Ever since the first barcode appeared on a pack of chewing gum in 1974, the now-ubiquitous system has enabled manufacturers, retailers and consumers to quickly and effectively identify, characterize, locate and track products and materials. In a paper first posted online Nov. 26, 2021, in the journal Cell, researchers at Johns Hopkins Medicine and The Johns Hopkins University demonstrate how they can do the same thing at the molecular level, studying the ways cancer cells “talk” with one another using a different kind of barcode system—one made up of combinations of patterns and colors, with each set tied to a specific biochemical activity in the communication network.

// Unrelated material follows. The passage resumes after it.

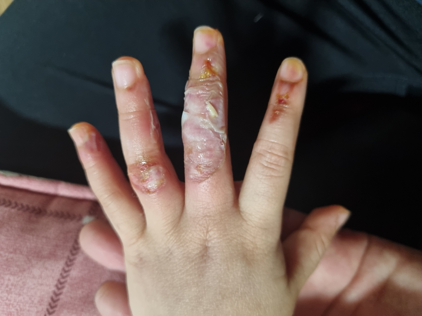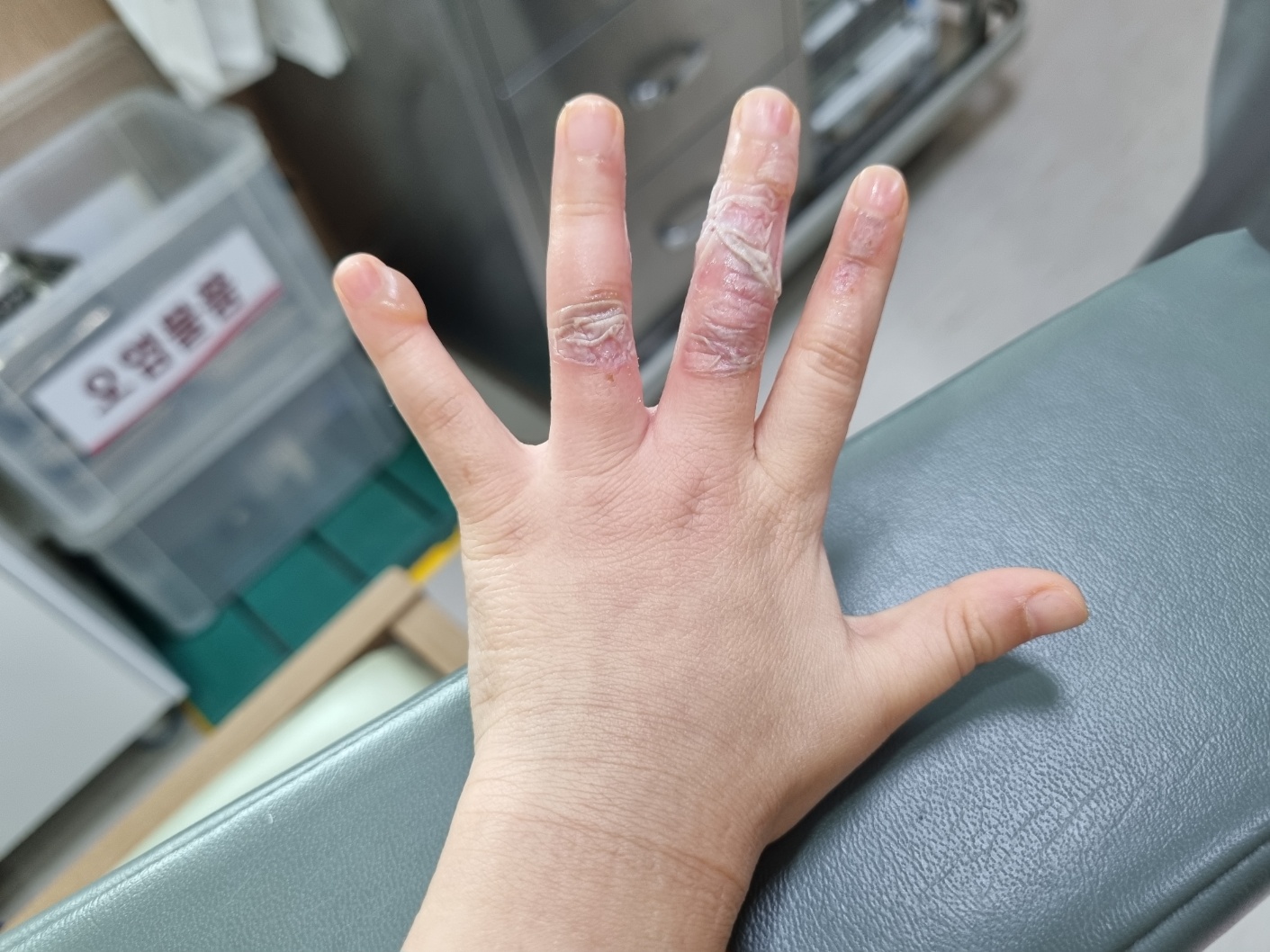 "달고나가 많이 뜨거워요. 달고나 하다 많이 와요. 심재성 2도 화상이 확실하고 심재성과 3도는 한 끗 차이예요. 분홍색, 붉은색은 상처가 깊지 않은 부분이고 흰색, 회색에 가까울수록 깊음 화상이에요. 살이 차오르면서 주변의 멀쩡한 살들이 화상 입은 부위로 밀어요. 화상 입은 부위가 부풀어 올라올 거예요. 그러면 손가락이 손등 쪽으로 꺾이고 손가락을 구부릴 때 피부가 땅겨지는 느낌이 생길 수 있어요. 그렇게 되면 수술을... 이식을...."

“When cancer cells communicate, numerous proteins constantly change how they interact with one another,” says senior study author Chuan-Hsiang (Bear) Huang, M.D., Ph.D., assistant professor of pathology at the Johns Hopkins University School of Medicine. “Studying this signaling in depth and in real time has traditionally been difficult, so we needed a method that could simultaneously image, track and analyze everything happening in the network, and therefore, reveal the true relationships among these activities.”
Genetically encoded fluorescent biosensors were previously used to study cellular protein functions, including signaling activities in cancer cells, says Huang. The biosensors are protein fragments tagged with fluorophores—fluorescent molecules that glow by absorbing light energy of a specific wavelength and then emitting light at a longer wavelength—and each color is linked to a specific activity in the cell. Using a fluorescent microscope to image the type, location and intensity of the colors exhibited by these sensors, researchers can accurately and precisely document proteins in action in different cell regions.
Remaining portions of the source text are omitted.